## WORK ITEM
Please repeat the data exactly. Any picture in it stays out.

## SOURCE MATERIAL
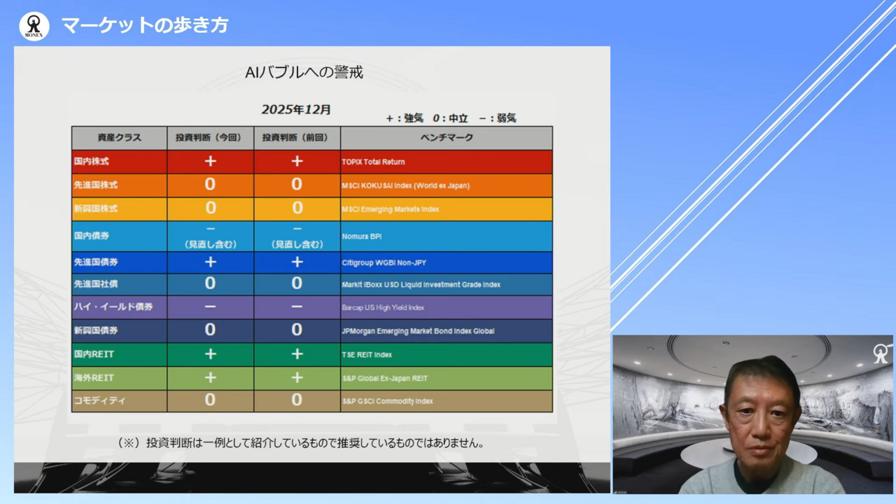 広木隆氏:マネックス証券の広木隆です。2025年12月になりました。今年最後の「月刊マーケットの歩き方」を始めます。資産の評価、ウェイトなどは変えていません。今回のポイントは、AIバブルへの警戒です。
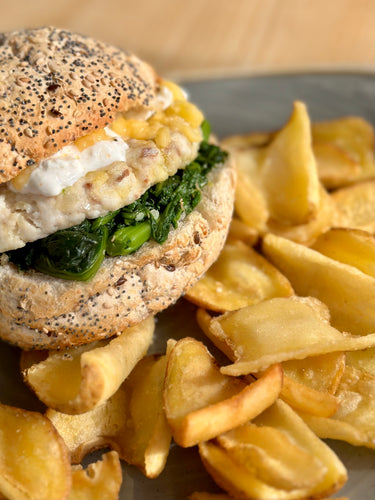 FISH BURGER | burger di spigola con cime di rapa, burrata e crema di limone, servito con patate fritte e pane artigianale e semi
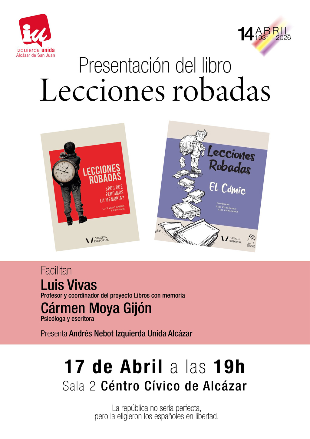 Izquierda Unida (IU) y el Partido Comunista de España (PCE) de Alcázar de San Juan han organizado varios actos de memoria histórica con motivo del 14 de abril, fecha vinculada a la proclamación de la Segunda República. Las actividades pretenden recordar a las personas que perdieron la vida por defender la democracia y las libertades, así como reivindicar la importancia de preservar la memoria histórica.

## ANSWER TO THIS TASK
 広木隆氏:マネックス証券の広木隆です。2025年12月になりました。今年最後の「月刊マーケットの歩き方」を始めます。資産の評価、ウェイトなどは変えていません。今回のポイントは、AIバブルへの警戒です。
 FISH BURGER | burger di spigola con cime di rapa, burrata e crema di limone, servito con patate fritte e pane artigianale e semi
 Izquierda Unida (IU) y el Partido Comunista de España (PCE) de Alcázar de San Juan han organizado varios actos de memoria histórica con motivo del 14 de abril, fecha vinculada a la proclamación de la Segunda República. Las actividades pretenden recordar a las personas que perdieron la vida por defender la democracia y las libertades, así como reivindicar la importancia de preservar la memoria histórica.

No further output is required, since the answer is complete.